In Indonesia, after relaxing its regulations on child labour in 1987, some 2.8 million children are working in factories. The most revealing fact is that child labour has been growing in tandem with the liberalization of world trade.
These children produce rugs, textiles, garments, shoes, toys and other light manufacturing products for export markets. The
multinationals that manufacture, trade and retail the products of child labour often claim that they do not hire the children directly but they never acknowledge that they knowingly subcontract out parts of the manufacturing process to employers that do.
Child labour has become an integral part of the new world order of trade liberalization and gives the lie to any glorification of unregulated world trade as a force of progress. For the pathetic armies of children in the developing world, market liberalization means a regression to the brutal exploitation that we in the developed countries have not permitted for more than a century.
Because it has become part of the fabric of the new international economy, child labour implicates all of us as consumers. On any visit to the local mall, unknowingly we are likely to buy for our own children clothes and toys made under conditions that would horrify us if we imagined our own children in their situation. Here is a case where we must let our basic human sympathy, our sense of solidarity with children around the world move us to act. Some have argued that when developed countries today restrict trade in goods made by child labour they are forgetting the role that child labour played in their own development and acting to deliberately restrict the development of new economies.
We in the developed world have indeed had our own experience with child labour, which was as much a part of European and North American industrialization as it is now in many developed societies today. We must remember that government regulations prohibiting the use of child labour were among the earliest public interventions to tame a predatory industrial capitalism. The fact that the same predatory capitalism has returned with a vengeance, its leaders boasting of their ability to operate outside the regulatory reach of individual states, does not relieve us of our duty to protect the most vulnerable members of the global village.

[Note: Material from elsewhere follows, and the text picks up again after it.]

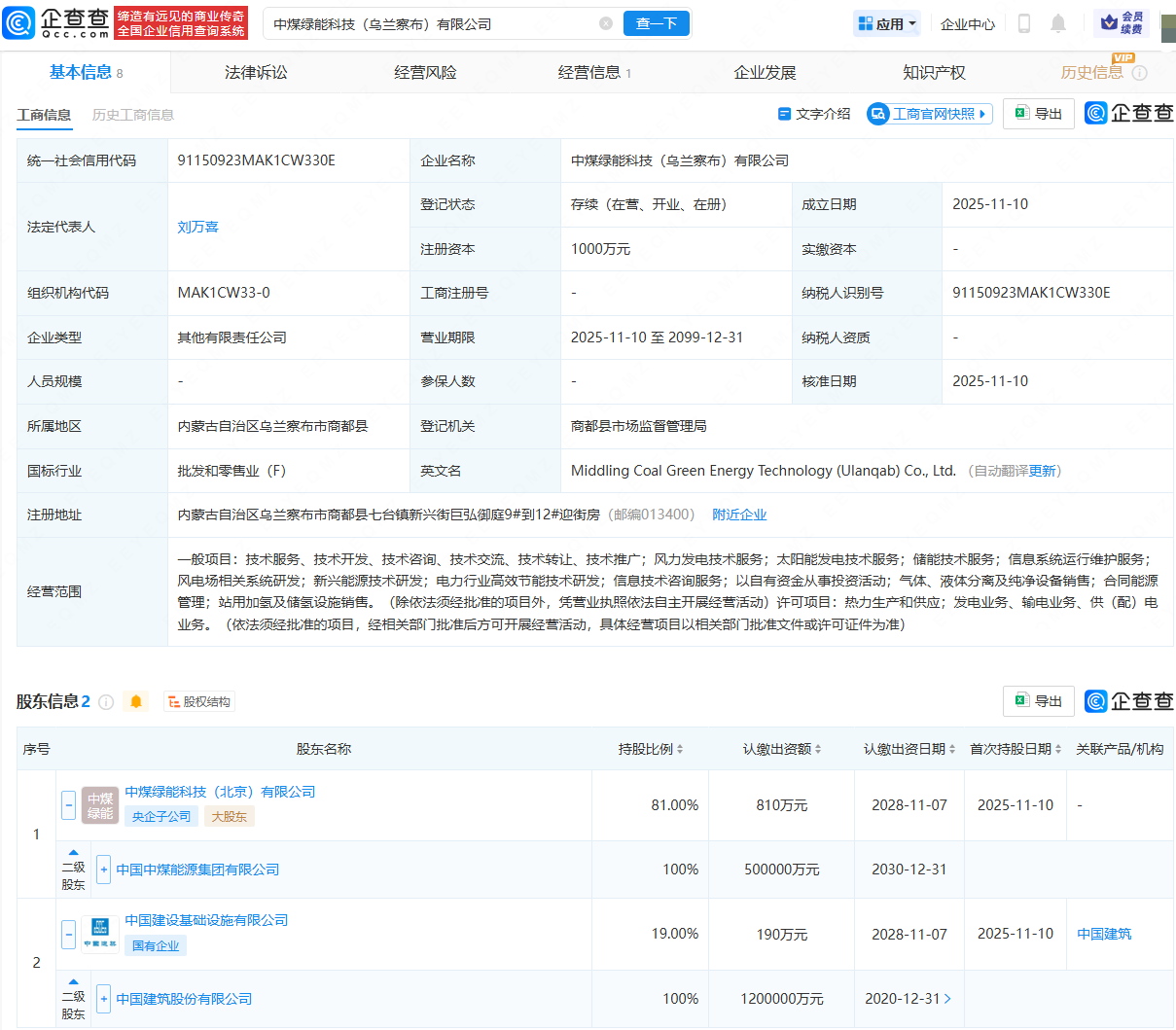企查查APP显示,近日,中煤绿能科技(乌兰察布)有限公司成立,法定代表人为刘万喜,注册资本为1000万元,经营范围包含:风力发电技术服务;太阳能发电技术服务;储能技术服务;站用加氢及储氢设施销售等。企查查股权穿透显示,该公司由中国中煤能源集团有限公司旗下中煤绿能科技(北京)有限公司、中国建筑(601668)旗下中国建设基础设施有限公司共同持股。

The multinationals like to talk about the need to establish a level playing field. Let us establish one between them and the children whom they now exploit. The elimination of child labour will be a long and arduous process that takes place on many fronts. The International Labour Organization has a program that has been in place for years to study and propose measures to address the problem. Canada should actively support this program.
The ILO secretariat has also recommended that the WTO should adopt a social clause to enforce basic labour rights on member states, a strategy that would go a long way to eliminating child labour. This is why we proposed a separate amendment earlier today that the government chose not to support, that the government commit itself to such a policy of developing a social clause for the WTO.
Some individual governments of developing countries are making efforts to introduce regulations to help children and some of these programs, such as the one in Hong Kong, have met with success. Many developing countries do not have the resources to police regulations on child labour, however well intended those regulations may be. That is why the developed countries like Canada have an obligation to help the governments of developing countries prevent multinationals from trading in goods made by children.
That is why we are proposing this amendment today to Bill C-57. It would put the burden of proof on the large importers and retailers to establish that they have not imported goods made with child labour and apply the resources of the Canadian regulatory regime to police the problem.